I am utterly overwhelmed. In trying to get my kids ready to go back to school next week, the supply lists for three kids are absurd. I have bills due, and no idea when the fraction of my child support will arrive, and the bills my RS president said would be paid last month never were, and now I have late fees and turn-off notices on top of them not being paid. I just got my textbook list for this fall and all four of the books are over $100 each, and I’m still fighting with Financial Aid to get my loans funded. I’m carrying 19 units this fall and its already starting to cause me to lose sleep, and two of the classes I have to take are at the farthest campus and I’m stressing over gas prices. Two of the classes I need are only offered M-F during the day with no night option, and I have a kindergartner on top of 2nd and 5th graders. I’m going to have to figure out what to do with her while I run back and forth from the far school, at least 2-3 of the five days. This is feeling more and more like a disaster waiting to happen, but no matter how I look at it, I can’t see a way around it. If I want to graduate, I have to take these two classes. I have to take the GRE this fall, when I thought I had until spring. I have to get my apps in for grad school before Christmas, when I thought I had until spring. I have more on my plate than I imagined possible. There is back-to-school night, and all the domestic chores, laundry and housekeeping stuff on top of all that other stuff. I have several free-lance jobs in the queue, and I need to get to them asap. But when? If my loans would fund it would solve a lot, and I could at least pay my bills. Scouts starts next week, Bean is turning eight and you know what that means, and I can’t even begin to think about it. All I want to do is crawl in bed and hide. And I can’t.

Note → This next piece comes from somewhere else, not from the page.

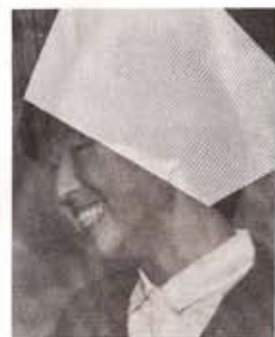
나스짜 : 황금실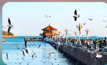
สะพานจันเฉียว

I know this will all shake out. It always does. I just can’t help feeling like I’m drowning this exact moment. And I don’t see any life-preservers bobbing on the water….

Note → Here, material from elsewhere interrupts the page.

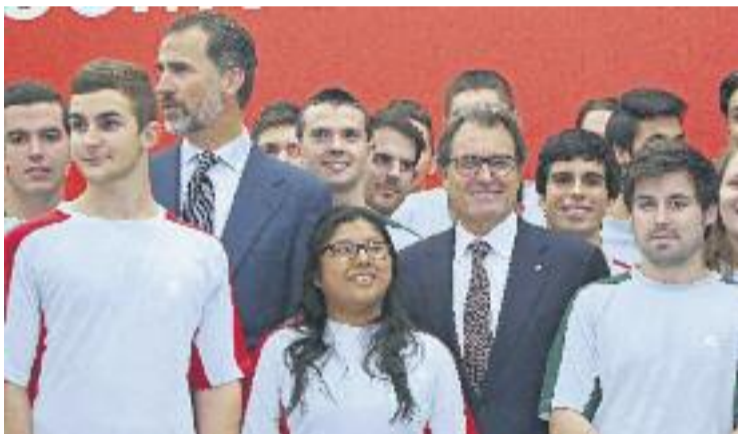
El rei Felip i el president Artur Mas, durant la visita a Seat.

Tots dos van poder parlar també amb els treballadors de la línia de muntatge. Alguns d'ells són estudiants de la primera promoció de la formació dual a Seat i altres són alumnes que l'any vinent ja s'incorporaran a la plantilla de l'empresa.

17 thoughts on “Spilling my Guts

  1. I know how you feel. I just had a similarly stressful month, but things worked out. Paycheck to paycheck is not fun, and neither is handout to handout, but things work out. 19 credits is a huge load. Hang in there.

    Is there an after-school program Abbey can go to?

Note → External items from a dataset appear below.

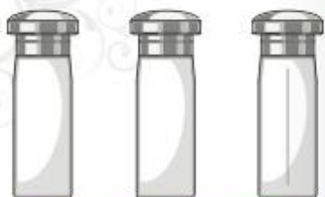
línea perfume 25 ml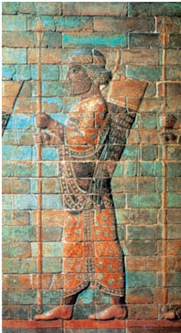
تصویر ۶-۱- سرباز جاویدان، نقاشی دیواری به شیوهی نقش برجسته‌ی لعاب‌داده شده، شوش، سده‌ی پنجم ق.م — ارتفاع حدود ۲ متر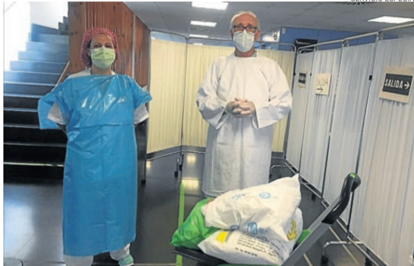
Los sanitarios agradecen las batas y mascarillas hechas a mano.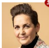
Pia Olsen Dyhr

  2. Now I’m feeling pretty useless…. BUT if you make it back to UT I’m pretty sure that HSF and I can work some childcare miracles for you……
    In the meantime I will pray… harder.

  3. Oh-my-I-hate-weeks-like-this. I can’t catch my breath. It’s overwhelming, to be sure! There are only four things to do:

    1. Just for a minute, sit down, put your feet up, and indulge in something to make you feel instantly better. For me, that would be chocolate. For you, that would be cheese. 🙂

    2. Take a deep breath. Then take another one. And then figure out which things in this mess you can control. You can call the RS pres and find out what happened about the unpaid bills. Does she know they didn’t end up getting paid? Because it was not your fault, will she be able to help with the late fees?

    3. Move forward, one itty bitty step at a time. Take another breath; take another step. When the hard things in life pile up on top of each other, it’s really easy to falter under the burden of *everything.* So, shift the load by taking things one at a time. Focus on one problem at a time. Just one.

    4. Remember that you have an army of people who have your back and who are praying for you and wanting to do whatever they can to help. For some of us, that is no more than prayers and wishes and words of support. But allow others to help in whatever way they can.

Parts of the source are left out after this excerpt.